With awk I preallocate my final array, and reading dataset/*
folder I populate its content.
I've figured out that my bottleneck came from iterating on dataset folder by awk input (10 files with 16.000.000 lines each).
Everything is working on a small set of data, but with real data, RAM (30GB) congested. Does anyone have any suggestions or advices?
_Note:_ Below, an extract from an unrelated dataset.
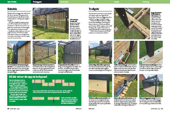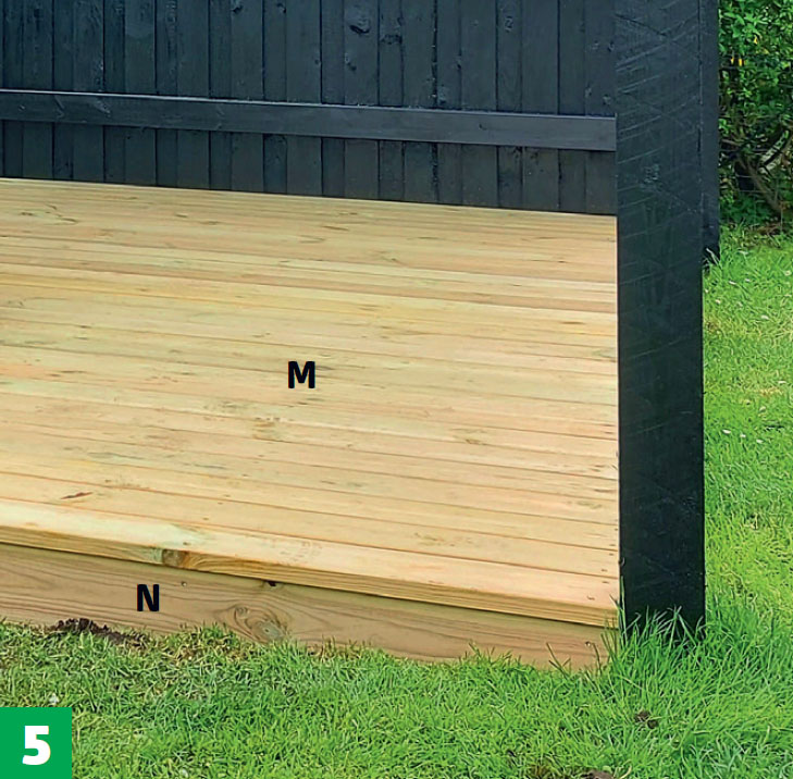 Kapa trallbrädorna (M) i ändarna, så att trädäcket fluktar med stolparnas utsidan. Enklast är att göra allt på en gång istället för att såga varje bräda för sig - och det går enkelt med en sänksåg med styrskena.

Thank you.
推荐答案
$ cat tst.awk
{
key = $1" "$2
keys[key]
val[key,ARGIND] = $3
}
END {
for (key in keys) {
sum = 0
printf "%s", key
for (fileNr=1;fileNr<=ARGIND;fileNr++) {
printf "%s%s", OFS, val[key,fileNr]+0
sum += val[key,fileNr]
}
print sum
}
}
$ awk -f tst.awk file1 file2 file3
en sample_4 0 0 2020
en.n sample_2 10 0 1020
en sample_1 200 10 1211
en sample_3 10 67 077
上面的代码将GNU awk用于ARGIND,而其他awks只需在开始处添加一行 FNR == 1 {ARGIND ++}
.如有必要,将输出通过管道传递到 sort
.
The above uses GNU awk for ARGIND, with other awks just add a line FNR==1{ARGIND++}
at the start. Pipe the output to sort
if necessary.
这篇关于使用awk处理多个文件的文章就介绍到这了,希望我们推荐的答案对大家有所帮助,也希望大家多多支持IT屋!